Und so fasst denn Kommissionspräsidentin Ursula von der Leyen denTeil des Gipfels, der sich über viele Stunden um die Wettbewerbsfähigkeit Europas dreht, in das Bild, wonach es zwar Entwarnung gebe für einen Wettbewerb mit den USA um amerikanische Subventionen für den klimaverträglichen Umbau der Wirtschaft, dass aber „Europa seine Hausaufgaben machen muss“. Jedenfalls haben die Staats- und Regierungschefs die Vorschläge der Kommission zum Umbau der Industrie Richtung „netto Null“ (Emissionen) und sicheren Umgang mit seltenen Rohstoffen im Grundsatz nicht nur unterstützt, sondern auch eine schnelle Verwirklichung angemahnt. Für diese Hausaufgaben nimmt von der Leyen nun das Parlament und die Fachminister in die Pflicht. Auch das neue Konzept für den europäischen Strommarkt sollen sie noch in diesem Jahr unter Dach und Fach bringen.

Die Situation von Banken und Finanzen in Europa war für weitere Stunden in den Mittelpunkt der Gipfel-Gespräche gerückt, nachdem das Straucheln der Silicon Valley Bank und der Credit Suisse die Frage nach einer neuen Banken-Krise hatte aufkommen lassen - aktuell zusätzlich befördert durch den Kurseinbruch für die Deutsche Bank. Scholz beruhigt umgehend: Die Deutsche Bank habe ihr Geschäftsmodell „grundlegend modernisiert“, sich neu organisiert und sei eine „profitable Bank“. Es gebe somit „keinen Anlass, sich irgendwelche Gedanken zu machen“.

Kurz darauf zieht auch der französische Präsident Emmanuel Macron seine Gipfel-Bilanz vor der Presse. Die Eurozone sei die Region, in der die Banken „am solidesten“ aufgestellt seien, unterstreicht Macron. Sowohl er als auch Scholz bestätigen damit, was nach Teilnehmer-Angaben die zum Finanzteil des Gipfels eingeladene Chefin der Europäischen Zentralbank, Christine Lagarde, als zentrale Einschätzung hinterlassen hat: „Der Bankensektor im Euroraum ist widerstandsfähig, er verfügt über eine solide Deckung bei Kapital- und Liquidität.“ Belgiens Regierungschef Alexander de Croo berichtet, Lagarde habe Vertrauen in den Markt und in die Stabilität der Finanzsysteme.

Was die Hausaufgaben nach diesem Gipfel anbelangt, wird jedoch auch von der Kommission noch so einiges erwartet.

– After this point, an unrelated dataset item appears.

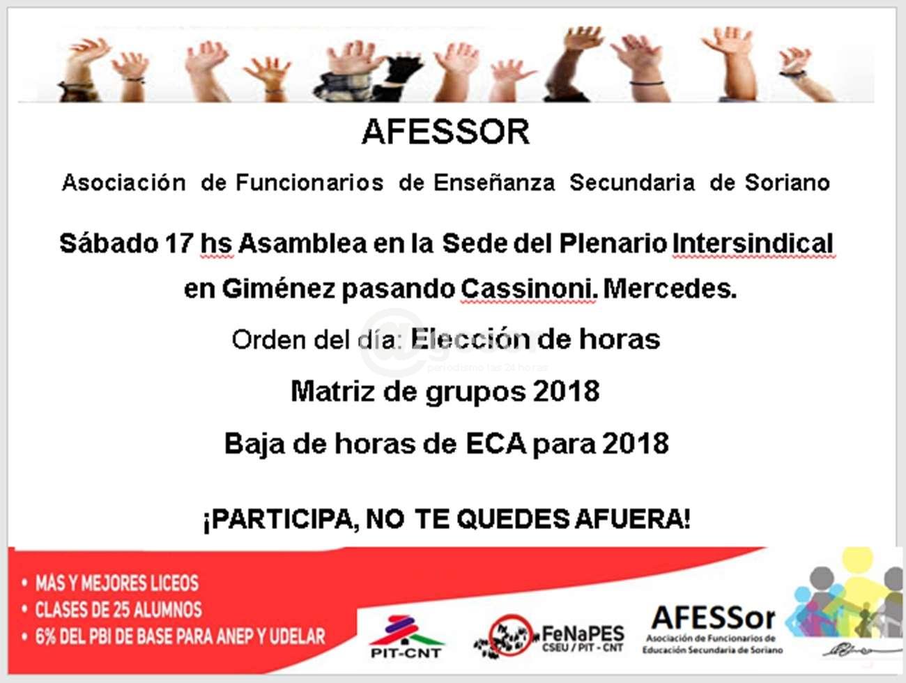 Sábado 17 hs Asamblea en la Sede del Plenario Intersindical en Giménez pasando Cassinoni. Mercedes.

So setzt Scholz darauf, nun zügig weitere Handelsabkommen wie das zwischen der EU und den Mercosur-Staaten (Argentinien, Brasilien, Paraguay, Uruguay) hinzubekommen. Scholz lenkt die Aufmerksamkeit auf die Wertschöpfung, die zu einem größeren Anteil in den rohstoffreichen Ländern bleiben müsse. Schon aus ökologischen Gründen sei es fragwürdig, die weitere Verarbeitung in anderen Ländern vorzunehmen, es müsse zudem darum gehen, den Herkunftsländern selbst eigene Entwicklungsperspektiven zu geben.

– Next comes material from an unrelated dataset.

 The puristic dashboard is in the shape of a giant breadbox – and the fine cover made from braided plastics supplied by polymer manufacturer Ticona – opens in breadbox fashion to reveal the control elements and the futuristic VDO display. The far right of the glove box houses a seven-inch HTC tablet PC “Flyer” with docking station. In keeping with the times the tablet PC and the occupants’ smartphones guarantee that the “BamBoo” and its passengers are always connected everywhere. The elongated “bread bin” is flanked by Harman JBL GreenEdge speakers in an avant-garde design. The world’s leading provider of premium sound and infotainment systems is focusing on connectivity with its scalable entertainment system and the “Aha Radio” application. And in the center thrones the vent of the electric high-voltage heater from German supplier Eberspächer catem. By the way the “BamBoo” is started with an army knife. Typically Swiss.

Wenn in Deutschland in wenigen Wochen das Aus für die letzten drei Kernkraftwerke kommt, der französische Präsident zu diesem Zeitpunkt auf dem EU-Gipfel jedoch für mehr Rückhalt seiner Atomenergie kämpft - was macht das dann mit dem deutsch-französischen Verhältnis? Macron und Scholz haben den Freitag mit einem Treffen begonnen. Sie hätten „sehr fröhlich und freundlich miteinander gefrühstückt“, versichert der Kanzler. Es sei zudem nur die „Fortsetzung eines sehr guten und freundschaftlichen Gesprächs“ gewesen. Was auch immer über deutsch-französische Verstimmungen geschrieben werde, habe mit dem, was dann tatsächlich erörtert werde, nichts zu tun.

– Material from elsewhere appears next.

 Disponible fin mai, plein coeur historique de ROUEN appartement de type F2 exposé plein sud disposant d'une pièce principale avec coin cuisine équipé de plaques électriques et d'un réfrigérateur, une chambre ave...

Ob dann also auch Scholz hinter Macrons Werben steht, die Dekarbonisierung mit Hilfe der Atomkraft aufzuwerten? „Erneuerbare Energien werden nicht ausreichen, und Atomkraft wird notwendigerweise Teil unserer Antworten“, unterstreicht Macron, der die einschlägigen, in Richtung Vorfahrt für Erneuerbare, ausgerichteten EU-Richtlinien um die Kernkraft erweitern will. Scholz verweist auf die Vereinbarung des letzten deutsch-französischen Ministerrates. Der hatte die Formulierung gefunden, der Atomkraft den von Frankreich geforderten Raum zu geben, ohne das Ausbauziel für die Erneuerbaren zu schmälern.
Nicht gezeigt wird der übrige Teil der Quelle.